Once the plaintiff proved on the balance of probability as a matter of causation that he would have taken action to obtain a benefit or avoid a risk, he did not have to go on to prove on the balance of probability that the third party would have acted so as to confer the benefit or avoid the risk to the plaintiff. Instead, the plaintiff was entitled to succeed provided he showed that there was a substantial, and not merely a speculative, chance that the third party would have taken the action to confer the benefit or avoid the risk to the plaintiff. The evaluation of a substantial chance was a question of quantification of damages, the range lying somewhere between something that just qualified as real or substantial on the one hand and near certainty on the other.
 The majority dismissed the solicitors’ appeal because the plaintiff had established that it would have negotiated the warranty issue if it had been properly advised, and there was a substantial chance that it would have obtained partial or full protection from the leasehold liabilities: see Lawyers’ Professional Liability, supra, at p. 227.
 In Ontario, Folland v. Reardon (2005), 2005 CanLII 1403 (ON CA), 74 O.R. (3d) 688 (C.A.), is the leading case on loss of chance in solicitor’s negligence. In Folland, the plaintiff sued his former lawyer for the alleged negligent conduct of a sexual assault trial. The plaintiff argued that, but for his lawyer’s negligence, he would have been acquitted. This court held that the claim raised a genuine issue for trial.

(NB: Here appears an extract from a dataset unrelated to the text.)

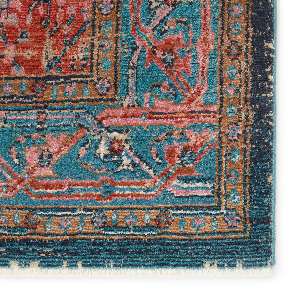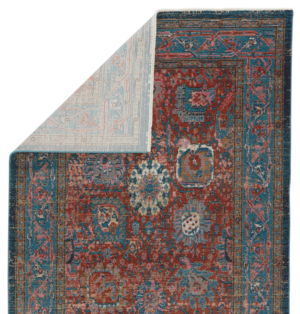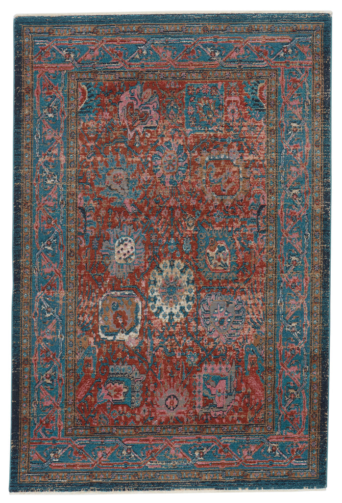 Inspired by the vintage perfection of sun-bathed Turkish designs, the Myriad collection is warm and inviting with faded yet moody hues. The Romilly area rug boasts a vibrant, updated traditional motif that makes a bold statement in teal, rust, pink, and golden tones. This power-loomed rug features a plush and durable blend of polyester and polypropylene, lending the ideal accent to high-traffic spaces.Care Instructions

Whatever the scope of the lost chance analysis in fixing liability for tort claims based on personal injuries, lost chance is well recognized as a basis for assessing damages in contract. In contract, proof of damage is not part of the liability inquiry. If a defendant breaches his contract with the plaintiff and as a result a plaintiff loses the opportunity to gain a benefit or avoid harm, that lost opportunity may be compensable. As I read the contract cases, a plaintiff can recover damages for a lost chance if four criteria are met. First, the plaintiff must establish on the balance of probabilities that but for the defendant’s wrongful conduct, the plaintiff had a chance to obtain a benefit or avoid a loss. Second, the plaintiff must show that the chance lost was sufficiently real and significant to rise above mere speculation. Third, the plaintiff must demonstrate that the outcome, that is, whether the plaintiff would have avoided the loss or made the gain, depended on someone or something other than the plaintiff himself or herself. Fourth, the plaintiff must show that the lost chance had some practical value.

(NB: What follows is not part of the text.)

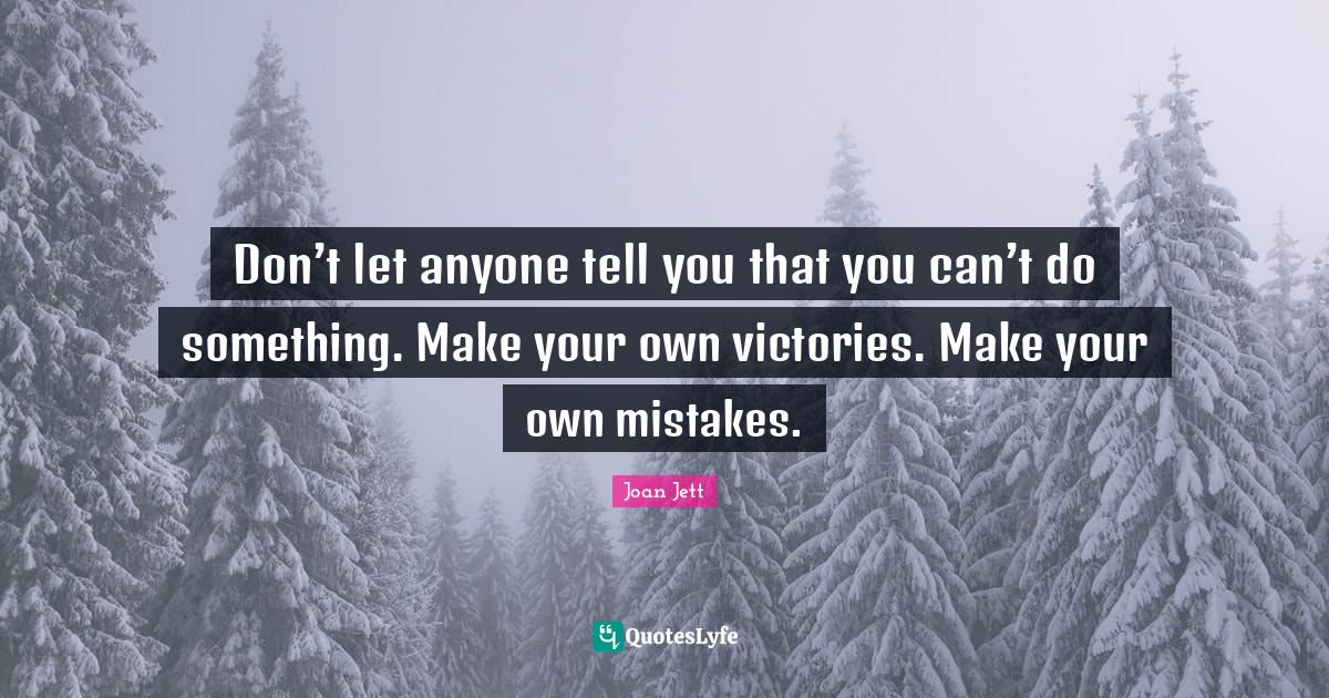 This page presents the quote "Don’t let anyone tell you that you can’t do something. Make your own victories. Make your own mistakes.". Author of this quote is Joan Jett. This quote is about victory, mistake, inspirational music,.

 The Folland court concluded that a lost chance claim was not available to the plaintiff on the facts of the case; among other reasons, it held, at para. 92, that “public policy would not countenance a damage award” in circumstances where, on the trial court’s findings, the plaintiff probably committed the crime for which he was charged.

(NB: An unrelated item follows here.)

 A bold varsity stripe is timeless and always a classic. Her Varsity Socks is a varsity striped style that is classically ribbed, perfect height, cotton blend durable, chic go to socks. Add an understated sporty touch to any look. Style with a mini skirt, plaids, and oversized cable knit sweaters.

 Recently, in Berry v. Pulley, 2015 ONCA 449 (CanLII), 335 O.A.C. 176, at para. 70, this court described a “two-step framework” for the determination of a loss of chance claim. Associate Chief Justice Hoy explained, at para. 72, that the court must first determine if the four criteria set out in Folland are met. If they are, then the court proceeds to the second step and “will award damages equal to the probability of securing the lost benefit (or avoiding the loss) multiplied by the value of the lost benefit (or the loss sustained)”.
Where a plaintiff in a tort action arising out of solicitor’s negligence can establish on the balance of probabilities that but for the [solicitor’s] negligence he or she would have avoided the loss, he or she should be fully compensated for that loss.
Where a plaintiff can only establish that but for the solicitor’s negligence he or she lost a chance to avoid a loss, a claim for breach of contract may permit recovery for the value of that chance.